» Saved data entries

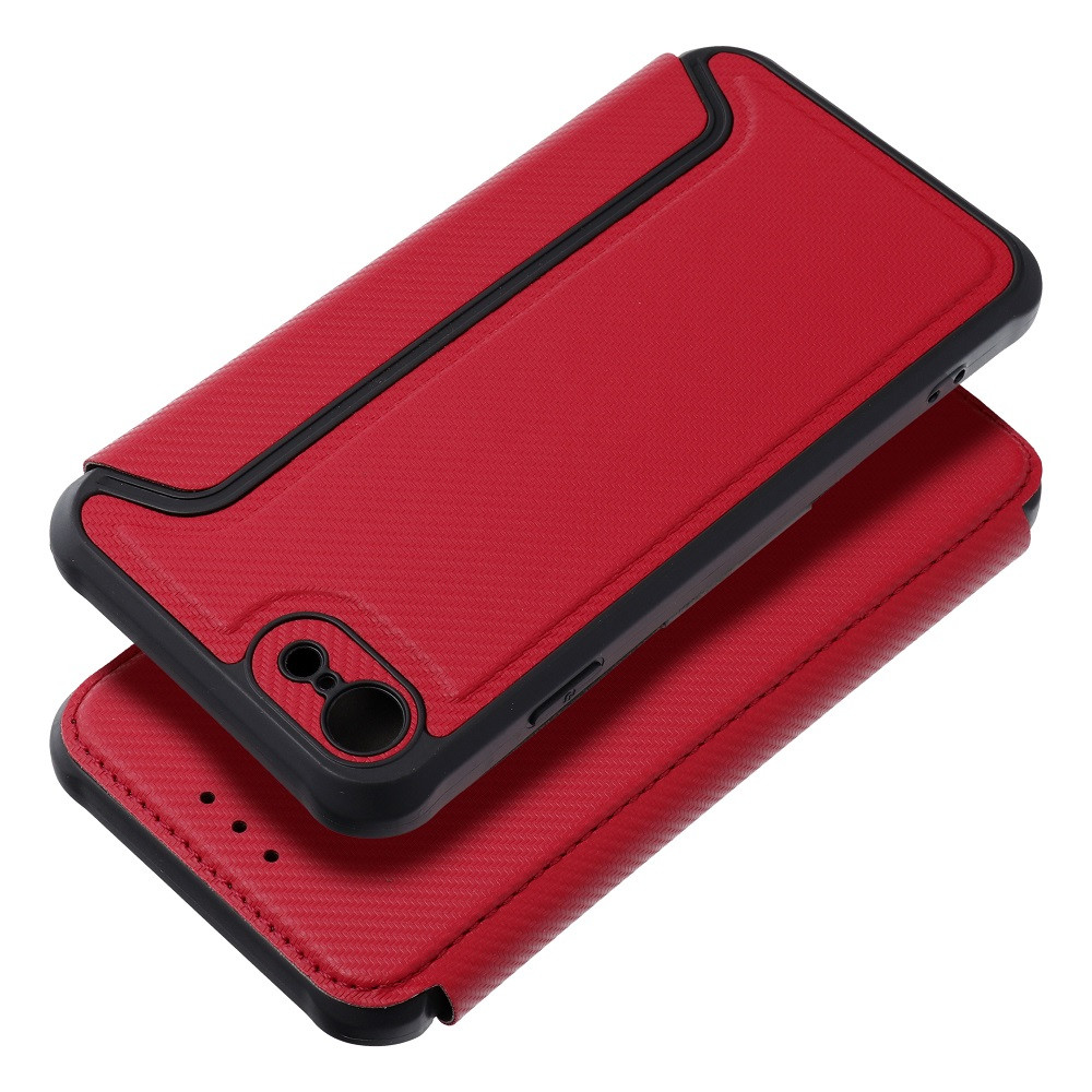 A karbon, sötét színű borító a sportautók dizájnjára utal, elegáns karaktert kölcsönözve a készüléknek. A puha belső anyag további védelmet nyújt a kijelző számára, míg a telefon tartó gumis részének méhsejt mintázata kiemeli az egész tok esztétikáját.
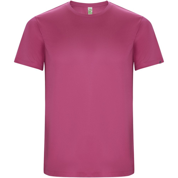 Funktions-T-Shirt aus recyceltem Polyester CONTROL DRY. Rundhalsausschnitt mit farblich abgesetzten Nähten. ECO-Logo-Etikett am Ärmel. Verpackung aus Recyclingmaterial. Herausnehmbares ECO-Etikett. Verpackung aus Recyclingmaterial. Technisches Gewebe. Das Modell ist 180 cm groß und trägt Größe M.
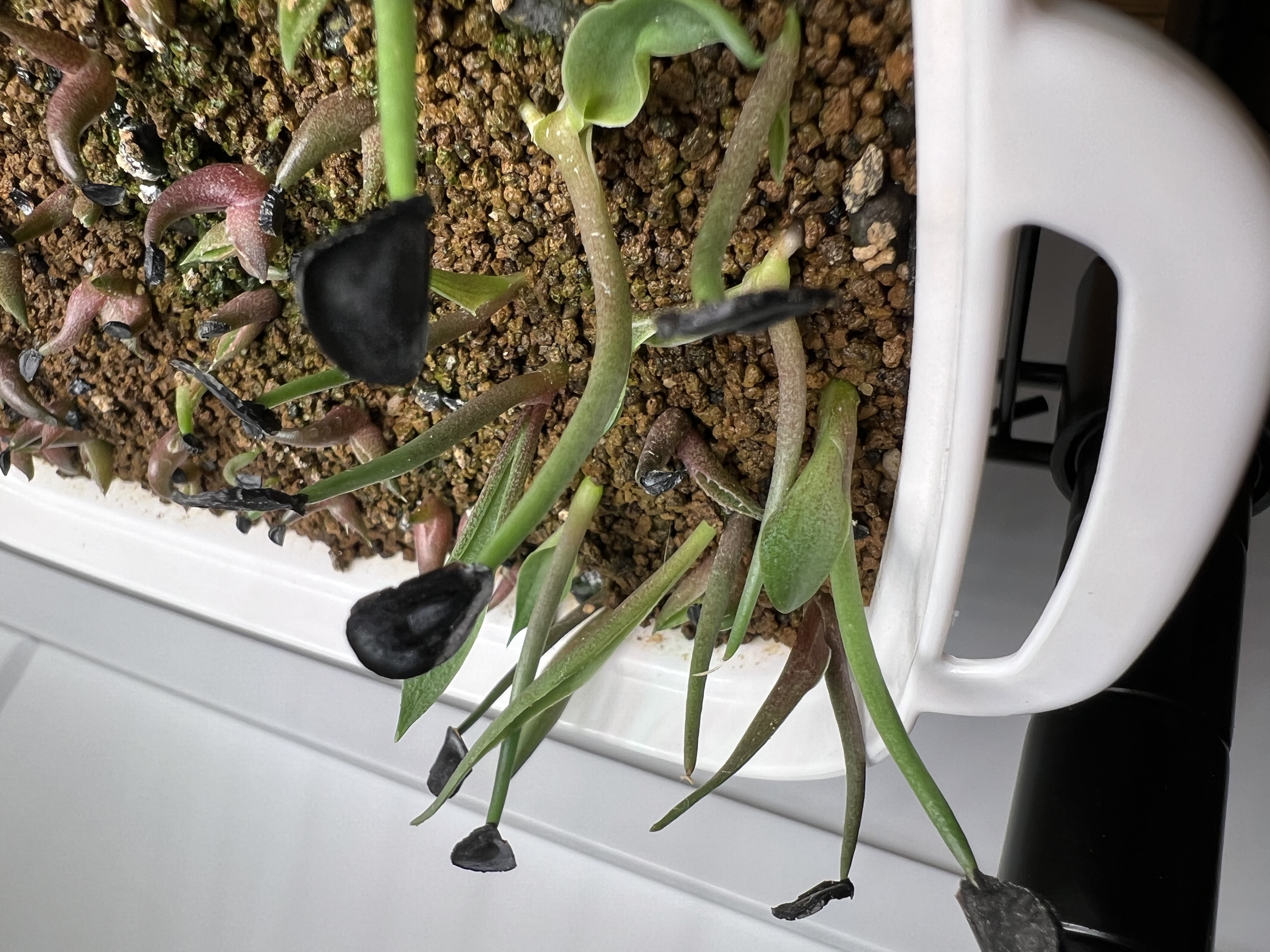 2024/6/3播種 2024/6/30撮影[ 播種数 / 発芽数 ] 10粒/ 9粒[ その他(用土や管理方法など)]播種前にベンレート+メネデール溶液に1日程度浸漬赤玉メインの用土に敷き播種、20度〜25度で管理
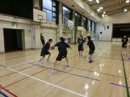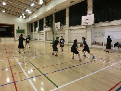 15時から女子バスケットボール部が活動しています。パックラインディフェンスの練習です。ディフェンスは二等辺三角形を意識して動きましょう。(遠藤)
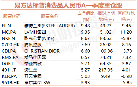 从基金一季报来看,重仓的股票均是知名的高端消费品牌,比如高端化妆品雅诗兰黛、箱包服饰顶级品牌LV、DIOR,知名运动品牌耐克、全球最大的洋酒公司帝亚吉欧、日本高端化妆品资生堂等。
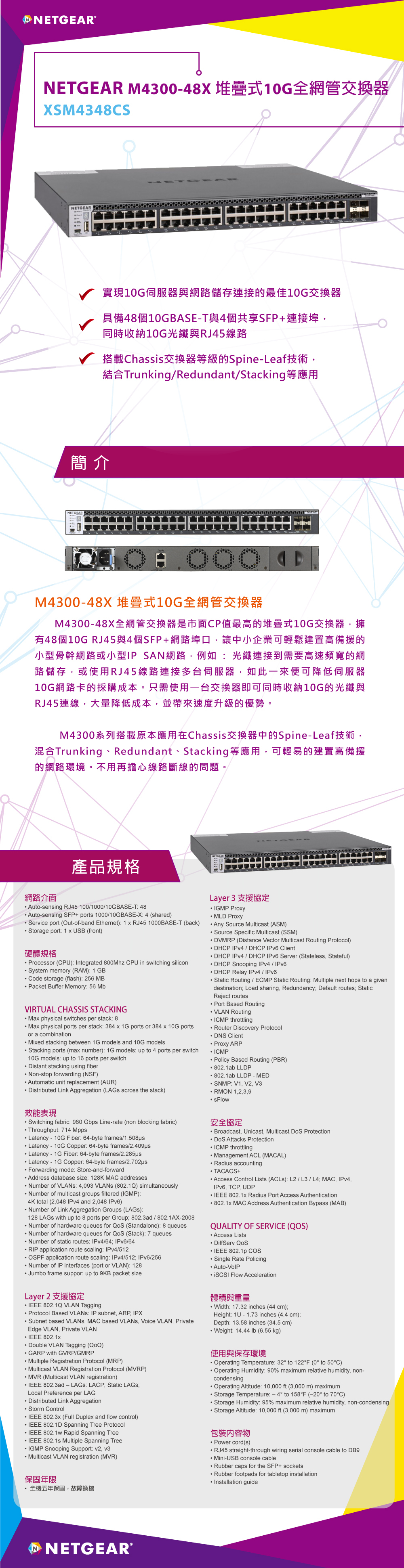 ★48個100M/1G/10G RJ45與4個SFP+網路埠口(Shared)
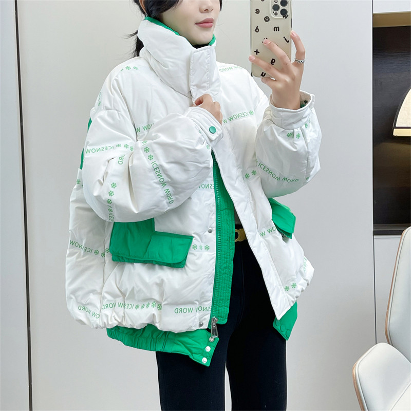 惠衣阁冬女白色羽绒服立领羽绒服韩版 羽绒外套 宽松加厚保暖短款
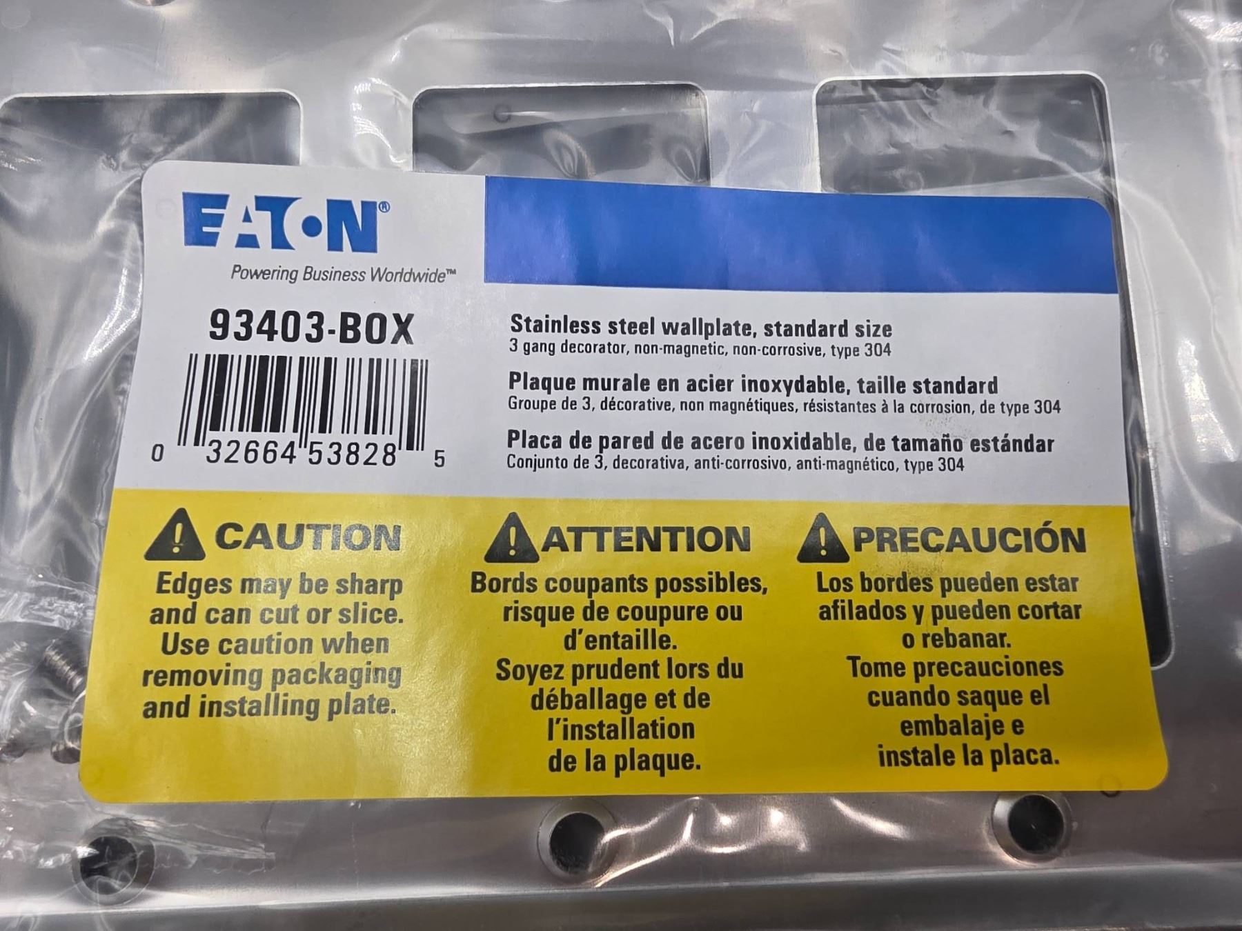 Lot of 6 – Eaton 93403B-BOX Stainless Steel Wall Plates

» What is required
Please reproduce each entry exactly as given and omit the pictures.

» Response for this exercise
 A karbon, sötét színű borító a sportautók dizájnjára utal, elegáns karaktert kölcsönözve a készüléknek. A puha belső anyag további védelmet nyújt a kijelző számára, míg a telefon tartó gumis részének méhsejt mintázata kiemeli az egész tok esztétikáját.
 Funktions-T-Shirt aus recyceltem Polyester CONTROL DRY. Rundhalsausschnitt mit farblich abgesetzten Nähten. ECO-Logo-Etikett am Ärmel. Verpackung aus Recyclingmaterial. Herausnehmbares ECO-Etikett. Verpackung aus Recyclingmaterial. Technisches Gewebe. Das Modell ist 180 cm groß und trägt Größe M.
 2024/6/3播種 2024/6/30撮影[ 播種数 / 発芽数 ] 10粒/ 9粒[ その他(用土や管理方法など)]播種前にベンレート+メネデール溶液に1日程度浸漬赤玉メインの用土に敷き播種、20度〜25度で管理
 15時から女子バスケットボール部が活動しています。パックラインディフェンスの練習です。ディフェンスは二等辺三角形を意識して動きましょう。(遠藤)
 从基金一季报来看,重仓的股票均是知名的高端消费品牌,比如高端化妆品雅诗兰黛、箱包服饰顶级品牌LV、DIOR,知名运动品牌耐克、全球最大的洋酒公司帝亚吉欧、日本高端化妆品资生堂等。
 ★48個100M/1G/10G RJ45與4個SFP+網路埠口(Shared)
 惠衣阁冬女白色羽绒服立领羽绒服韩版 羽绒外套 宽松加厚保暖短款
 Lot of 6 – Eaton 93403B-BOX Stainless Steel Wall Plates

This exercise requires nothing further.